Metrics
Metrics are quantifiable and measurable results that a customer perceives as valid for his project or initiative. Your prospects in general will initially not openly share hard metrics how they measure negative consequences or positive business outcomes on addressing a pain or initiative. However if you can build the trust that your offering will help addressing the pain you will be able to discover “the golden nuggets” on every meeting. Collecting Metrics is like collecting money, that will justify the investment and will let you quantify the benefits to protect your price point.

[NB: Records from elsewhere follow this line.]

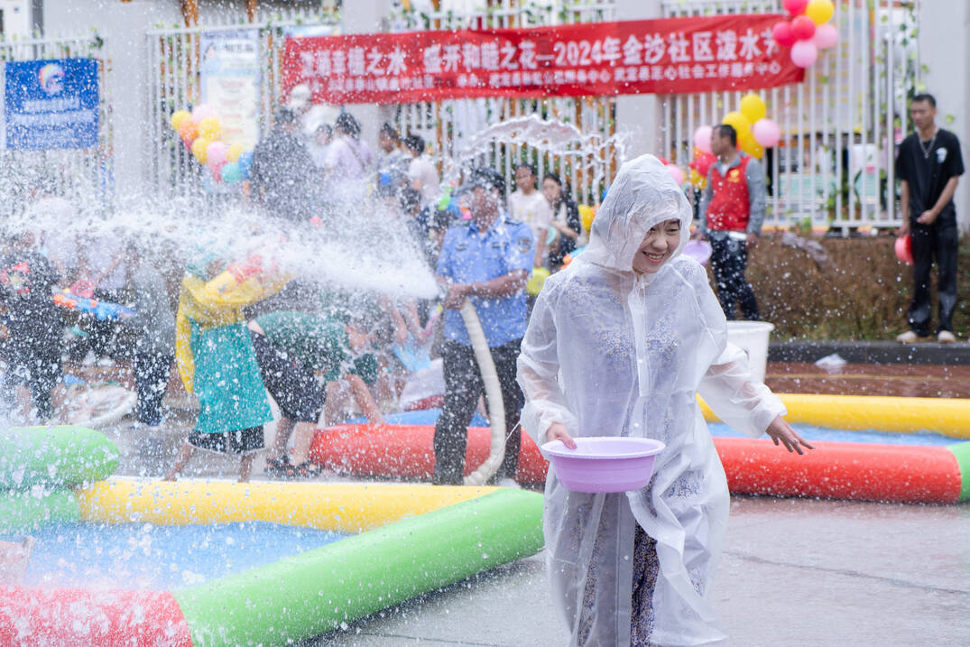 泼水狂欢之余,金沙社区还为现场游客准备了“奇幻泡沫趴”水上运动会、社区爱心义剪、传统民族歌舞表演以及商品展销等系列活动。
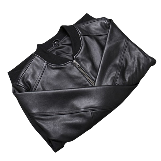 Men’s Black Genuine Sheepskin Rib Knit Slim-Fit Leather Bomber Jacket
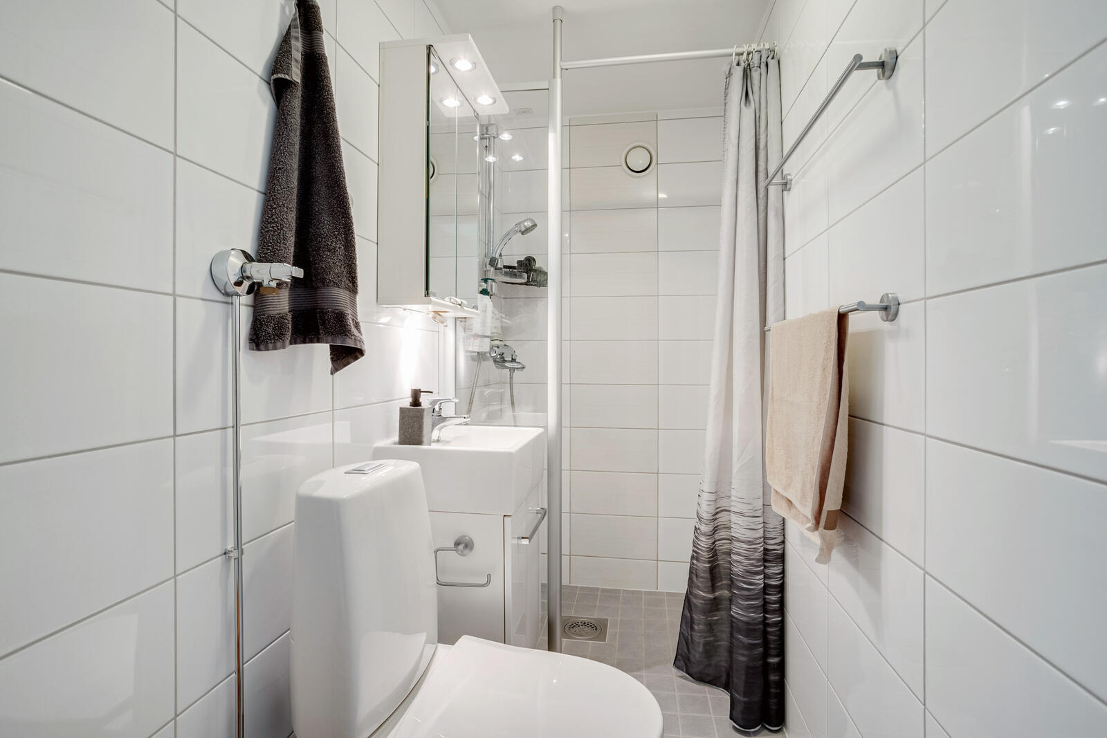 Suihku, wc-istuin, lattialämmitys, peilikaappi, pesukoneliitäntä ja suihkuseinä, seinät (kaakeli), lattiat (laatta) |
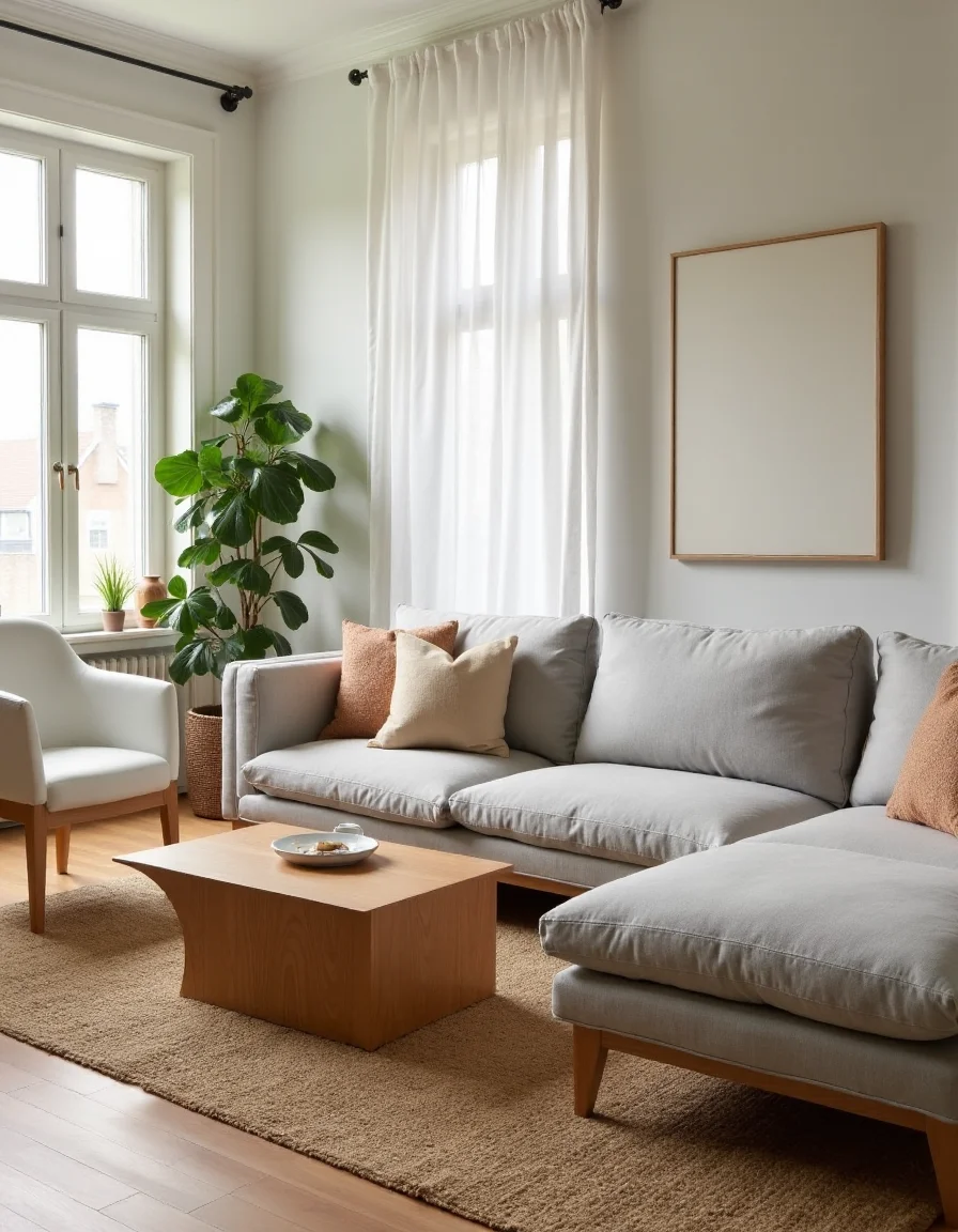 This Scandinavian-inspired living room exudes a calm and functional ambiance, featuring a large, plush light gray sectional sofa adorned with soft, textured throw pillows in muted pastel colors. A sleek, natural wood coffee table sits at the center, its clean lines showcasing the rich grain of the oak finish, surrounded by a pair of minimalist white accent chairs. The walls are painted in a warm, off-white hue, which enhances the natural light streaming in from a nearby large window, framed with sheer white curtains that gently flutter in the breeze. To add warmth and texture, a cozy, handwoven jute rug covers the floor, while a few potted green plants punctuate the space, bringing a touch of nature indoors.

in general Metrics and can be divided in 2 major groups.
Below the Line
For example, cost savings and efficiency gains. Many times paired with reductions on FTEs (Full Time Equivalent)
Above the Line
These are more business-centric like increase in revenue or profit, quicker time to market, higher quality and customer satisfaction. These metrics are used to build decisions and are used to build the Business Case or ROI
Tangible Metrics: It takes 1 FTE 4 hours to roll out a new campaign and with plans to roll out another 10 by the end of they year they need to reduce it. Or, they have 60% occupancy, of which 90% comes from EXP and BDC, so they want to increase occupancy whilst reducing reliance on high cost channels.
In other words clear savings the CFO will understand
Intangible Metrics: Improve customer satisfaction or raise the awareness of a brand.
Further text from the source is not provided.